Independent, adaptable and often highly talented, internationally mobile researchers are a prized commodity in academia.
Equipped with doctorates, new ideas and a steely work ethic, these go-anywhere academics are integral parts of laboratories at most top universities, with institutions vying to attract top talent to their campuses.
In return, these academic nomads enjoy the chance to work with other top-level researchers, and in many cases, to use better equipment and receive a better salary than in their home country.
The result is usually better science, with huge benefits accruing to individuals, institutions and the wider knowledge economy. One in four Nobel prizes awarded to Americans between 1990 and 2000 went to a migrant researcher, while half of Silicon Valley start-ups include a foreign-born national as a founder.
But does this pleasing narrative of international mobility – a win-win for individuals and institutions – tell the full story?
Many are starting to ask whether mobility is an unalloyed good for researchers, whatever the obvious advantages for employers.
“In many countries it is actually detrimental to your career if you have been abroad because [then] you do not have time to move up [the career ladder in your home country],” explained Miguel Jorge, lecturer in chemical engineering at the University of Strathclyde.
Dr Jorge, who has also held full-time research positions in the US and his native Portugal, has been involved in the Voice of Researchers initiative, which seeks to capture the views and experiences of the estimated 2.2 million researchers working in the European Union.

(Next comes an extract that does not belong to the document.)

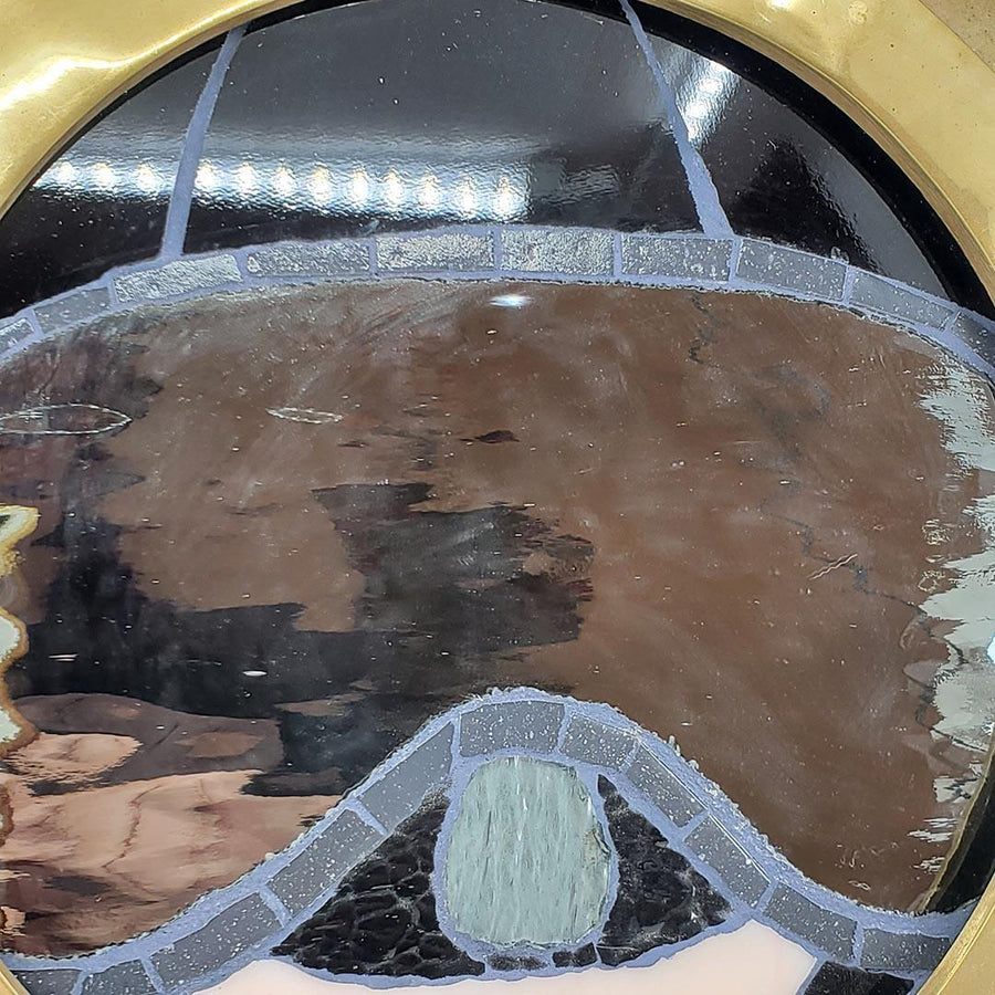 - Materials: Stained glass, grout, repurposed brass boat porthole mounted to a wood backing with hanging wire attached

Many of those who have spoken at the initiative’s conferences feel their careers have been harmed, rather than enhanced, by moving abroad, said Dr Jorge, who was speaking at the Vitae Researcher Development International Conference, held in Manchester on 8 and 9 September.

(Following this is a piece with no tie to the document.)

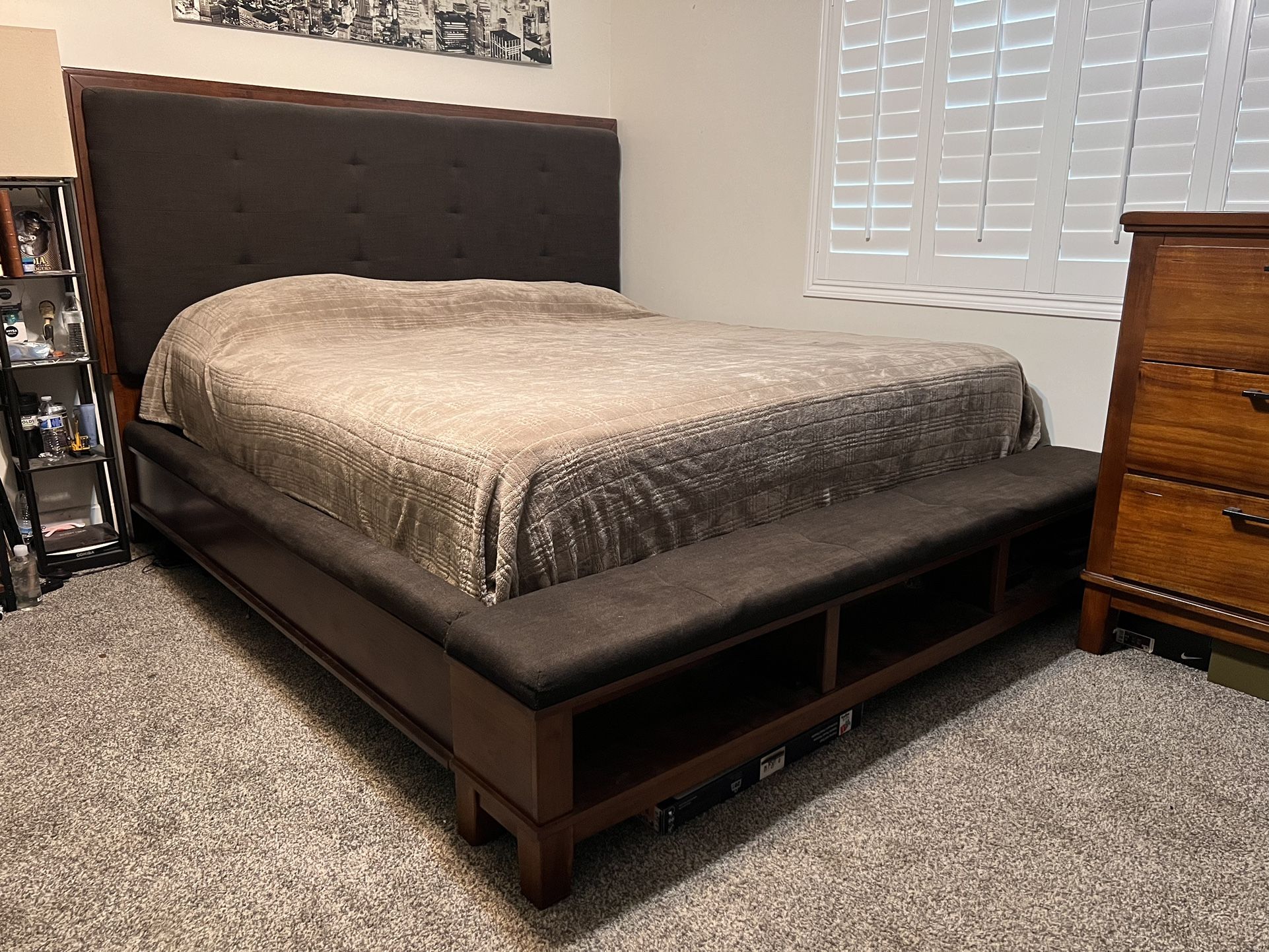 Cal king bed set in good condition! Comes with Dresser and night stand. Will also include L shaped desk and Shoe rack in good condition As well. I don’t have pics of those but they are in good condition.

“These researchers are often those from countries where academic inbreeding is common and staying within the system is highly valued,” he said.
This anecdotal evidence is backed up by the finding of several major studies, such as the EU-commissioned More 2 survey, which polled more than 14,000 researchers in 2013, Dr Jorge said.
That report found that 54 per cent of researchers had worked abroad, but 31 per cent felt that their overseas stay had harmed their career progression. Some 55 per cent said it had improved it and 14 per cent said it had no impact, indicating that the majority still viewed it favourably.
But 48 per cent also said that international work had decreased their job options in academia (33 per cent said it increased them) and 43 per cent said it had lowered their salary, in contrast to the 17 per cent who had enjoyed a pay increase. A quarter said it had actually hindered their academic output.
Throw in the obvious social and emotional toll of uprooting to a different country, and some scholars have started to ask whether academic mobility has much to offer researchers beyond satisfying the immediate economic necessity of a job.
But Marijk van der Wende, professor of higher education at VU University Amsterdam, argued that studies had conclusively shown the economic and career benefits for internationally mobile scholars.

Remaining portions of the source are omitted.